### What you should do:
If a line in the entries below includes "features", pick it out and copy it.

Records drawn from a dataset
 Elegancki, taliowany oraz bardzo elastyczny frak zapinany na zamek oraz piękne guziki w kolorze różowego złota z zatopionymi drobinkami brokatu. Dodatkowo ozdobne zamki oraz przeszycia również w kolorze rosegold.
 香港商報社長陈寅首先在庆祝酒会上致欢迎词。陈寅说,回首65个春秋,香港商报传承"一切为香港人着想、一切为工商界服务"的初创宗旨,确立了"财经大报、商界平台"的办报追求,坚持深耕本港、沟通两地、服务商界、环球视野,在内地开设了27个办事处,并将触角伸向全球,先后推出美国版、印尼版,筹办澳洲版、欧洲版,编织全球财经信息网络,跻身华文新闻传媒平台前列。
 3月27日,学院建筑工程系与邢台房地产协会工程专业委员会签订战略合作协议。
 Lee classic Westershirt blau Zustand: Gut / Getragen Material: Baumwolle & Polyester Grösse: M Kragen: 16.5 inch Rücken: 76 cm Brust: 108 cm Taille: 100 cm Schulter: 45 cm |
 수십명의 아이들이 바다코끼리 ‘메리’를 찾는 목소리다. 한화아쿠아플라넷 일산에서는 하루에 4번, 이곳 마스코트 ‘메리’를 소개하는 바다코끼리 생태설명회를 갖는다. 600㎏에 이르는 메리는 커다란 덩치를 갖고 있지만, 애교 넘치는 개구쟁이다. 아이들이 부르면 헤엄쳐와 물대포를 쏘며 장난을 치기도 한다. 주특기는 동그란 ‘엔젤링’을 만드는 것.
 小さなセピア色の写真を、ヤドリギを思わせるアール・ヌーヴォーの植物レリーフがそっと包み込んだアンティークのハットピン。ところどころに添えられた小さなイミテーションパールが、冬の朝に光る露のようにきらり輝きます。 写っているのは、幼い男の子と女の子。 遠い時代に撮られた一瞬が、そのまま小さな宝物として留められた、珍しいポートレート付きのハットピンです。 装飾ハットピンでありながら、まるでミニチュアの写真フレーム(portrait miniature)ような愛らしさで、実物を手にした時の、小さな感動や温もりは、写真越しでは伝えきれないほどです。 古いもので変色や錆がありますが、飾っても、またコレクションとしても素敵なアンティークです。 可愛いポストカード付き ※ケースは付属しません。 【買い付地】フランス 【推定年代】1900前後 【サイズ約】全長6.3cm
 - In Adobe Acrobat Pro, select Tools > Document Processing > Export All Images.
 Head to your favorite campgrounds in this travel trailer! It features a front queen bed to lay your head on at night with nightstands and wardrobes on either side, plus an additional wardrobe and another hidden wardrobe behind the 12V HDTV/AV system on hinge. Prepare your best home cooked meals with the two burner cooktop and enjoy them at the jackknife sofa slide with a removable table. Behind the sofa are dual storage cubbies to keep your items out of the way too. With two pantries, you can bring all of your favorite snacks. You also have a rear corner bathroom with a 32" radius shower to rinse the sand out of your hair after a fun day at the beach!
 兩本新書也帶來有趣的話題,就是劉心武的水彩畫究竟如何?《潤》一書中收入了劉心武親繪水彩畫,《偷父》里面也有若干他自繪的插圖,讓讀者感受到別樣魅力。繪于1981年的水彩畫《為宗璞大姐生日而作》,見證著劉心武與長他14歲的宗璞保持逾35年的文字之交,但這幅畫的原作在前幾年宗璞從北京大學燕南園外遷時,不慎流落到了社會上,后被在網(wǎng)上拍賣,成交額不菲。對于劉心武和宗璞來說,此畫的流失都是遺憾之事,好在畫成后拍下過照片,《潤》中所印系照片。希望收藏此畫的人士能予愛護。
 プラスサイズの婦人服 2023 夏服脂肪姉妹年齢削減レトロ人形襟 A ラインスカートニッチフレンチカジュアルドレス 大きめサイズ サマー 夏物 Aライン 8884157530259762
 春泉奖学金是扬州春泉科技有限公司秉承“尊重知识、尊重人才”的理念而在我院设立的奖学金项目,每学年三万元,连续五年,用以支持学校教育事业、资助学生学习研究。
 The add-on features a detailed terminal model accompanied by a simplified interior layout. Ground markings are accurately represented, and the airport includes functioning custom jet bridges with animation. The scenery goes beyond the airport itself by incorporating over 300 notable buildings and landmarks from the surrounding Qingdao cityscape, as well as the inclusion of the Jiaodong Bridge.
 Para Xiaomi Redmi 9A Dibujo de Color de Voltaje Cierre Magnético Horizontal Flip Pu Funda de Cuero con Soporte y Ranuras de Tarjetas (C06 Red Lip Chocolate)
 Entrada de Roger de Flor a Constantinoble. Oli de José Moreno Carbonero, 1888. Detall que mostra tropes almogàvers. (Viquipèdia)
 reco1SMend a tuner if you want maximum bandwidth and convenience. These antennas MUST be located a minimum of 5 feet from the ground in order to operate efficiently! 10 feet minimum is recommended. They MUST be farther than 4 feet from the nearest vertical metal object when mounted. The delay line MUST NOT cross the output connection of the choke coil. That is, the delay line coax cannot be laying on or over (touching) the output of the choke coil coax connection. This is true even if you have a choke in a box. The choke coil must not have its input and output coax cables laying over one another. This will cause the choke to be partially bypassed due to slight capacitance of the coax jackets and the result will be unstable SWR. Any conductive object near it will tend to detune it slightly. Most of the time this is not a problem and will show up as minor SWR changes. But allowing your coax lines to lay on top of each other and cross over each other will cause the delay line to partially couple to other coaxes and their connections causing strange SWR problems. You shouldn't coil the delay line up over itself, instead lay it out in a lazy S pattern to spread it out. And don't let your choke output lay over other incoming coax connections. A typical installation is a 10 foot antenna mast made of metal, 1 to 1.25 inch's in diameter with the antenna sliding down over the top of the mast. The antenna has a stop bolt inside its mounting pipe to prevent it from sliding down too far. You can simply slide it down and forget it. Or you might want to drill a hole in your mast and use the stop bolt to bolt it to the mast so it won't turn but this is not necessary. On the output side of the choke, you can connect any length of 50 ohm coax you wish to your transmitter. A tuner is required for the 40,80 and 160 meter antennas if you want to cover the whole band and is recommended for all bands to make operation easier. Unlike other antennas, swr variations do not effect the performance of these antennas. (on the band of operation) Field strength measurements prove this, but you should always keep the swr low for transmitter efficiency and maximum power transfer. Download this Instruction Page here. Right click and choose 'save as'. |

### Output of the exercise:
 Head to your favorite campgrounds in this travel trailer! It features a front queen bed to lay your head on at night with nightstands and wardrobes on either side, plus an additional wardrobe and another hidden wardrobe behind the 12V HDTV/AV system on hinge. Prepare your best home cooked meals with the two burner cooktop and enjoy them at the jackknife sofa slide with a removable table. Behind the sofa are dual storage cubbies to keep your items out of the way too. With two pantries, you can bring all of your favorite snacks. You also have a rear corner bathroom with a 32" radius shower to rinse the sand out of your hair after a fun day at the beach!
 The add-on features a detailed terminal model accompanied by a simplified interior layout. Ground markings are accurately represented, and the airport includes functioning custom jet bridges with animation. The scenery goes beyond the airport itself by incorporating over 300 notable buildings and landmarks from the surrounding Qingdao cityscape, as well as the inclusion of the Jiaodong Bridge.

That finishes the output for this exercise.